**Action item**
Copy out exactly the lines from the one containing "Notre lampe suspendue" through the end of the records, and no pictures.

:: Excerpted data ::

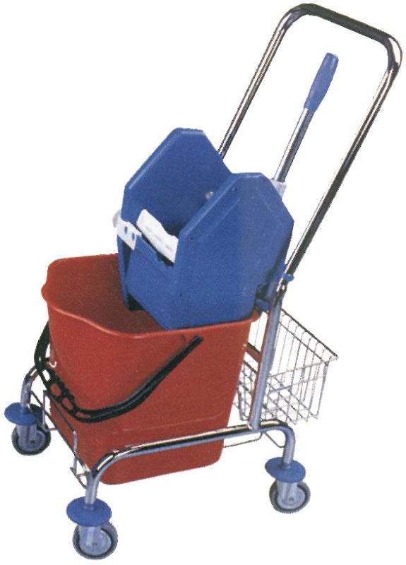 Chromovaná konstrukce na kolečkách. Vědro o objemu 20 litrů. Ždímač na všechny druhy mopů. Drátěný košík na čistící prostředky
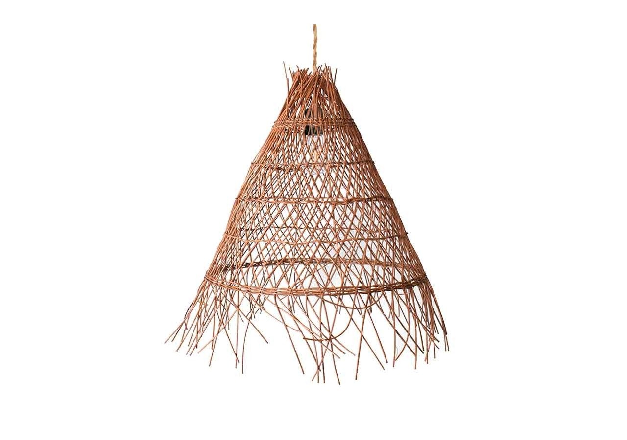 Notre lampe suspendue "Willow" est une pièce artisanale unique en forme de cloche, réalisée à la main avec des fibres d'osier naturelles, solides et durables. Son design original apporte une touche rustique et naturelle à tout espace, créant une ambiance chaleureuse et accueillante.
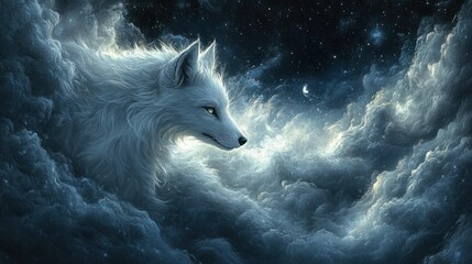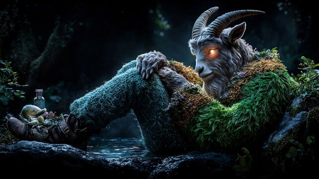 Enchanting forest deity with glowing eyes amidst a mystical woodland scene
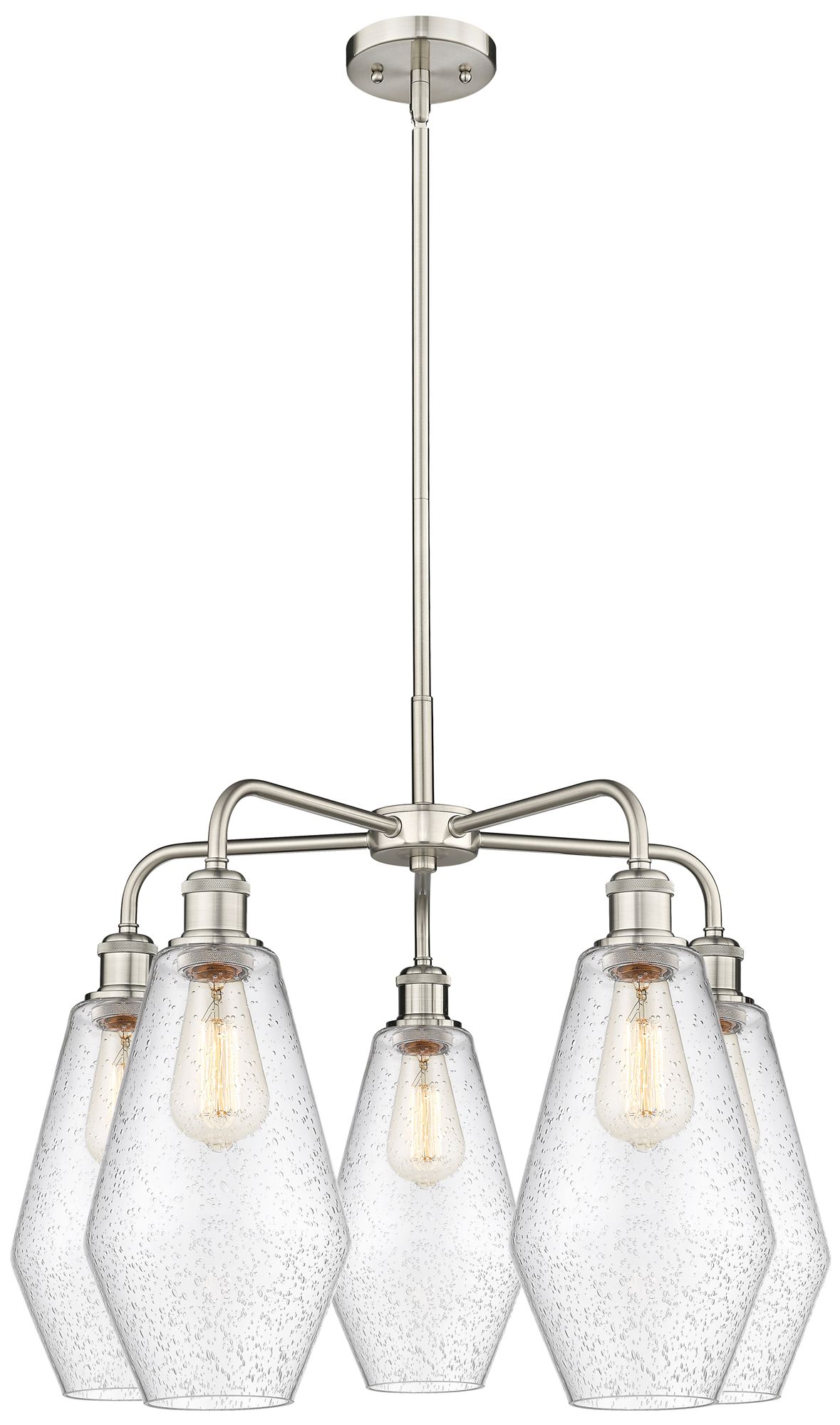 Cindyrella 25"W 5 Light Satin Nickel Stem Hung Chandelier With Seedy S
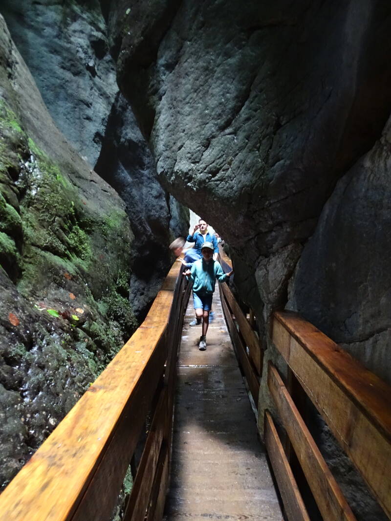 We lopen via bruggetjes en loopplanken langs rotswanden door de klamm
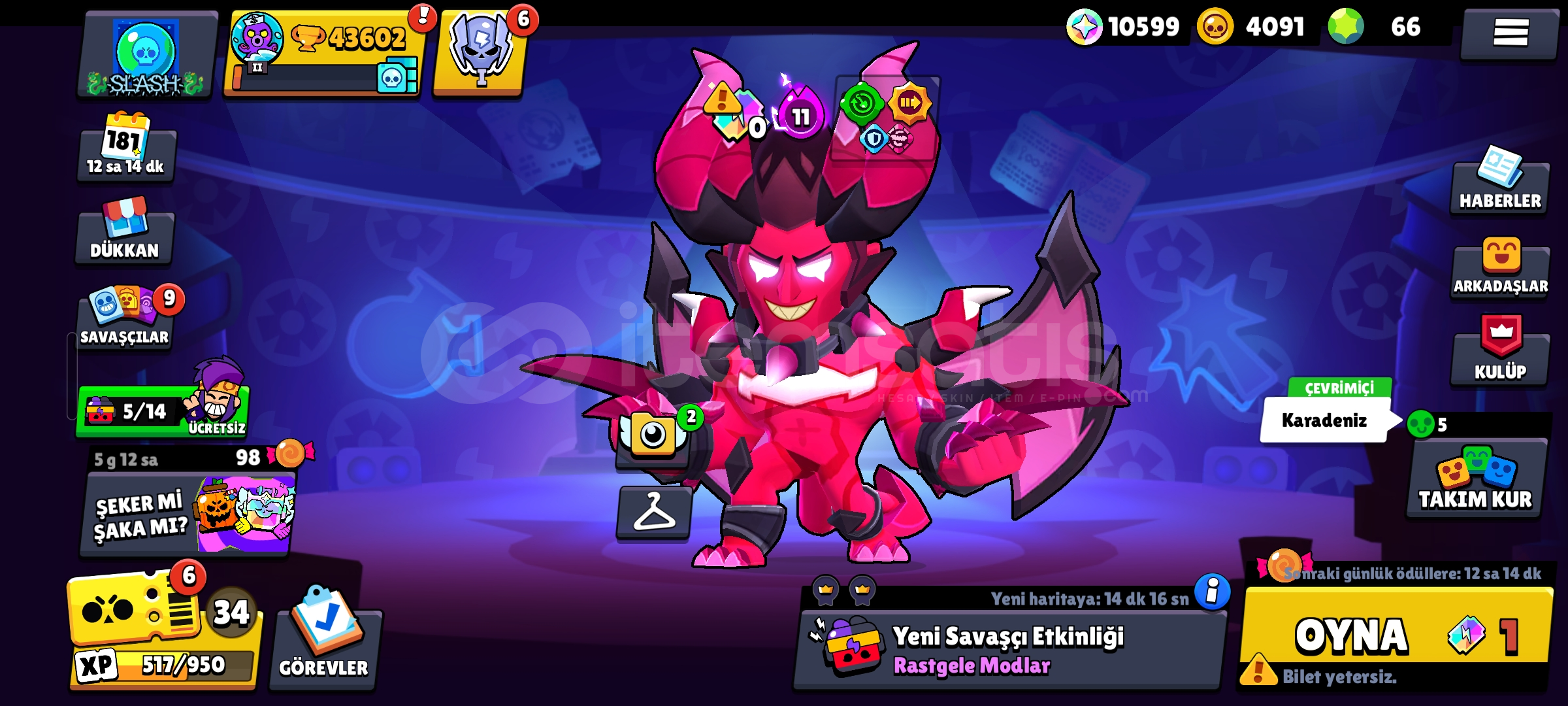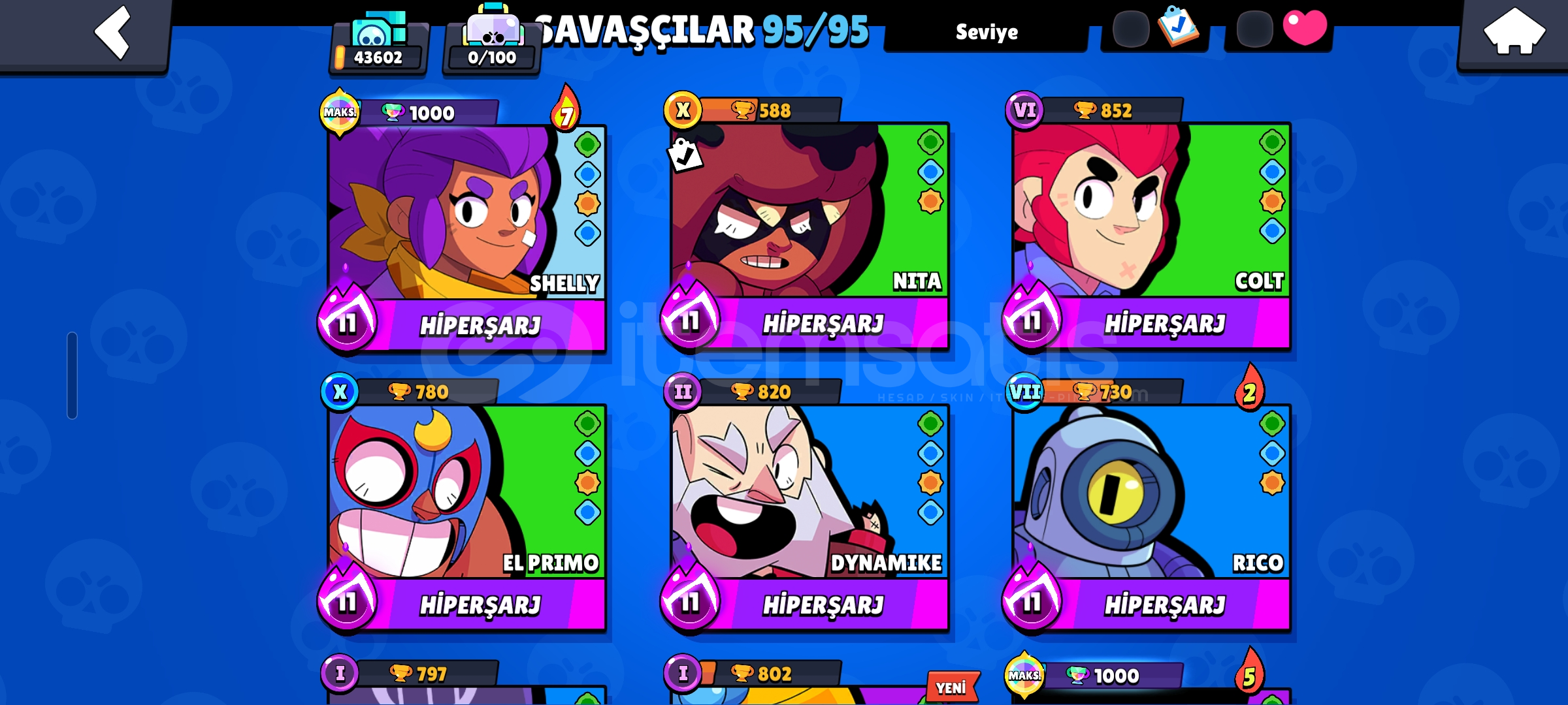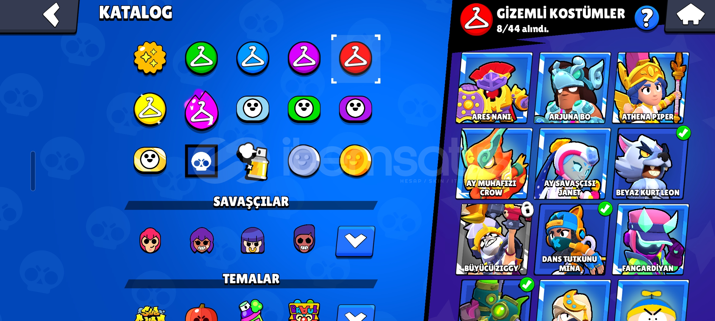 43k266 kostüm 10k mücevher korsan kostümleri max5 den fazla brawl ppass pllus alınmıştır 32 tane max level karakter

:::

**Reply to the exercise**
 Notre lampe suspendue "Willow" est une pièce artisanale unique en forme de cloche, réalisée à la main avec des fibres d'osier naturelles, solides et durables. Son design original apporte une touche rustique et naturelle à tout espace, créant une ambiance chaleureuse et accueillante.
 Enchanting forest deity with glowing eyes amidst a mystical woodland scene
 Cindyrella 25"W 5 Light Satin Nickel Stem Hung Chandelier With Seedy S
 We lopen via bruggetjes en loopplanken langs rotswanden door de klamm
 43k266 kostüm 10k mücevher korsan kostümleri max5 den fazla brawl ppass pllus alınmıştır 32 tane max level karakter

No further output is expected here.